*What is being asked*
Two lines below mark the span: the one containing "Man this is" and the one containing "1pc Men's Hooded". Set down both, plus every line between, exactly as they stand, and nothing else.

*Supplied records*

==*==

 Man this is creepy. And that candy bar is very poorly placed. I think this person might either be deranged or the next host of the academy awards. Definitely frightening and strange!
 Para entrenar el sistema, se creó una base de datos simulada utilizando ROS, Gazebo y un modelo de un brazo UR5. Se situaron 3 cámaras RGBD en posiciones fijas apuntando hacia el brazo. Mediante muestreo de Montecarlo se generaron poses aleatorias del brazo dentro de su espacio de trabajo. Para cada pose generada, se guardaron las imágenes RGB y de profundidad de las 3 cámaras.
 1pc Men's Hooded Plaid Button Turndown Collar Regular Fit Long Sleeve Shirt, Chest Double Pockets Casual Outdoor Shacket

==*==

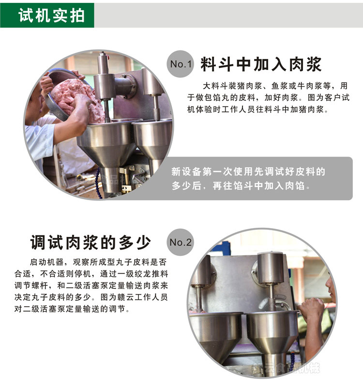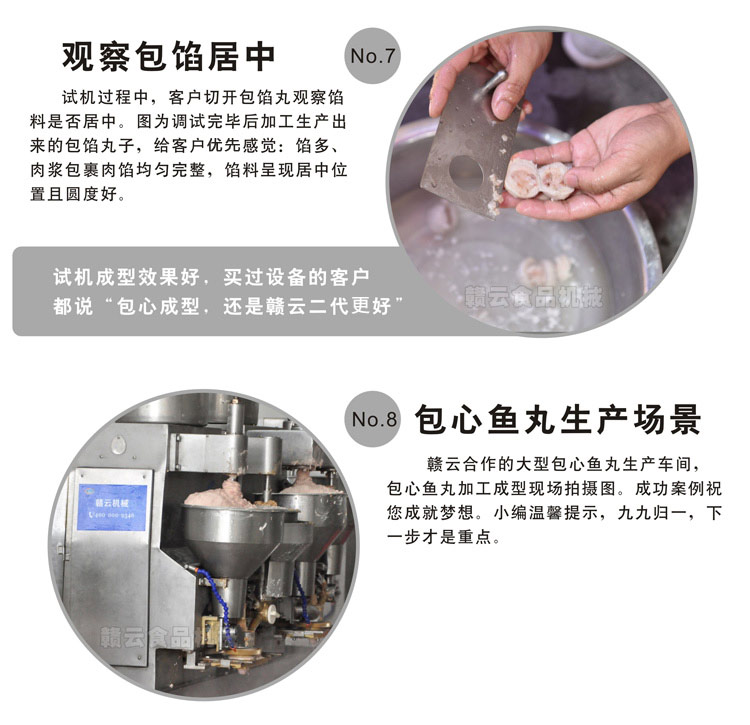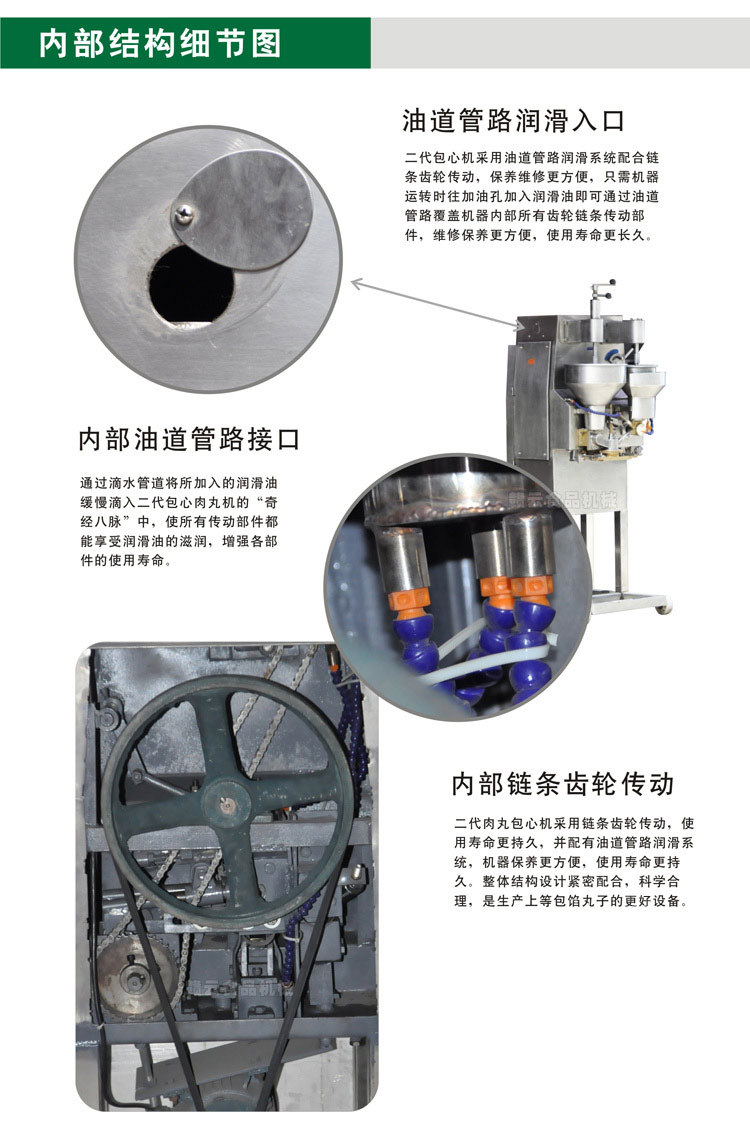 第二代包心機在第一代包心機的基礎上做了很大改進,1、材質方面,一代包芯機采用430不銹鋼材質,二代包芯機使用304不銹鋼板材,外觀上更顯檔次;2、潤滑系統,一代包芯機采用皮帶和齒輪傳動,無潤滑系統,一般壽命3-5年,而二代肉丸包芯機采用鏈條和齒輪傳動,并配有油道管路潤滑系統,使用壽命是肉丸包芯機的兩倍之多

==*==

*Answer section*
 Man this is creepy. And that candy bar is very poorly placed. I think this person might either be deranged or the next host of the academy awards. Definitely frightening and strange!
 Para entrenar el sistema, se creó una base de datos simulada utilizando ROS, Gazebo y un modelo de un brazo UR5. Se situaron 3 cámaras RGBD en posiciones fijas apuntando hacia el brazo. Mediante muestreo de Montecarlo se generaron poses aleatorias del brazo dentro de su espacio de trabajo. Para cada pose generada, se guardaron las imágenes RGB y de profundidad de las 3 cámaras.
 1pc Men's Hooded Plaid Button Turndown Collar Regular Fit Long Sleeve Shirt, Chest Double Pockets Casual Outdoor Shacket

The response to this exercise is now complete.